Supplements Worth Considering

Curcumin, the active compound in turmeric, has well-documented anti-inflammatory properties in lab settings. The challenge is absorption. Your body breaks down curcumin quickly, so very little reaches your bloodstream from turmeric alone. Pairing curcumin with piperine (a compound in black pepper) dramatically improves this. Clinical studies have used roughly 1,500 mg of curcumin alongside 15 mg of piperine as an effective combination. If you’re buying a curcumin supplement, look for one that includes piperine or a similar absorption-enhancing formulation.

Omega-3 supplements (fish oil or algae-based for vegetarians) are another option if you don’t eat fish regularly.

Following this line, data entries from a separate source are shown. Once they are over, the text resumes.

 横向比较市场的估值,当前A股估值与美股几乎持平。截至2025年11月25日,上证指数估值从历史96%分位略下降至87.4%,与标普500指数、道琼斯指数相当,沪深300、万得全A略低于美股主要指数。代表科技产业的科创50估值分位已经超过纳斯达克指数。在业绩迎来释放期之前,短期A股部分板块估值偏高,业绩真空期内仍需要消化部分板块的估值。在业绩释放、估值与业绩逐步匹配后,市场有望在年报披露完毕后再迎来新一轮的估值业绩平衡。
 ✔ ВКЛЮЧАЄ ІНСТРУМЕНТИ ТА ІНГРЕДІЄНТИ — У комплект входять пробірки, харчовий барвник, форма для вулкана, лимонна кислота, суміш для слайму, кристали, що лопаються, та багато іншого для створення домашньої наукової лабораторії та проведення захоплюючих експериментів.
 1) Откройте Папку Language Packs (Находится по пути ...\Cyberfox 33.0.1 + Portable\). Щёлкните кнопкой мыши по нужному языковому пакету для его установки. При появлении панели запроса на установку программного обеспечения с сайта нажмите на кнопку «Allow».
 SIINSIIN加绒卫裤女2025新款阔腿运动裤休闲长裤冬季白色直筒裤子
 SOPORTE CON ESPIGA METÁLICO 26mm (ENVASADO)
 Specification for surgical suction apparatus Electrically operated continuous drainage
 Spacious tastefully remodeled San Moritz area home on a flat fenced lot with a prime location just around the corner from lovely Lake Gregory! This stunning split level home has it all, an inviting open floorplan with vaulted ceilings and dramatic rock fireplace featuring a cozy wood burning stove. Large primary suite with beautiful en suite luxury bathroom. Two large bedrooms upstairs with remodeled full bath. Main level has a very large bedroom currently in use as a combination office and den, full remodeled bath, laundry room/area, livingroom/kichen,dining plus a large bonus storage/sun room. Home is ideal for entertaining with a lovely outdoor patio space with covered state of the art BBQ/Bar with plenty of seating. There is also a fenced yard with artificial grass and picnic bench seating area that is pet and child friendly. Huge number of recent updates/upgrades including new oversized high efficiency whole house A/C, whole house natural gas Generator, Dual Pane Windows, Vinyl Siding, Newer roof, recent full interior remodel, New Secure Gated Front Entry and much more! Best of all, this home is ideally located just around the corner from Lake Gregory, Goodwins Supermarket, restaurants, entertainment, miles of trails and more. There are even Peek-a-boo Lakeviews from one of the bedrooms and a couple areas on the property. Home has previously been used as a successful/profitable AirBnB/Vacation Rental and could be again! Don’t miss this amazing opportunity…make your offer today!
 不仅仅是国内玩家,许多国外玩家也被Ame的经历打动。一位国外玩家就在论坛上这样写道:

While no specific minimum dose has been established for anti-inflammatory effects, most cardiovascular studies use doses in the range of 1,000 to 2,000 mg of combined EPA and DHA daily. Higher doses may offer more benefit, but the key principle is consistent daily intake over weeks and months rather than occasional large doses.

Over-the-Counter Pain Relievers

Nonsteroidal anti-inflammatory drugs like ibuprofen and naproxen are effective for acute inflammation. They work by blocking the enzymes that produce inflammatory signaling molecules, which reduces pain, swelling, and heat. For short-term use (a few days to a couple of weeks for an injury or flare-up), they’re generally safe for most people.

Long-term daily use is a different story. Extended NSAID use increases the risk of gastrointestinal bleeding, kidney problems, and cardiovascular events. These medications are designed as short-term tools, not ongoing inflammation management. If you find yourself reaching for ibuprofen daily, that’s a signal to address the underlying drivers of inflammation through the lifestyle strategies above rather than masking the symptoms indefinitely.

Putting It Together

There’s no single “best” remedy for inflammation because chronic inflammation rarely has a single cause. The most effective strategy layers several approaches: sleep at least seven hours consistently, exercise at moderate intensity most days, eat a diet that supports your gut barrier and shifts your omega-6 to omega-3 balance, and consider targeted supplements like curcumin with piperine if you want additional support. Each of these interventions addresses a different mechanism in the inflammatory cycle, and their effects compound over time. The people who see the biggest improvements are typically the ones who change two or three habits simultaneously rather than searching for one magic fix.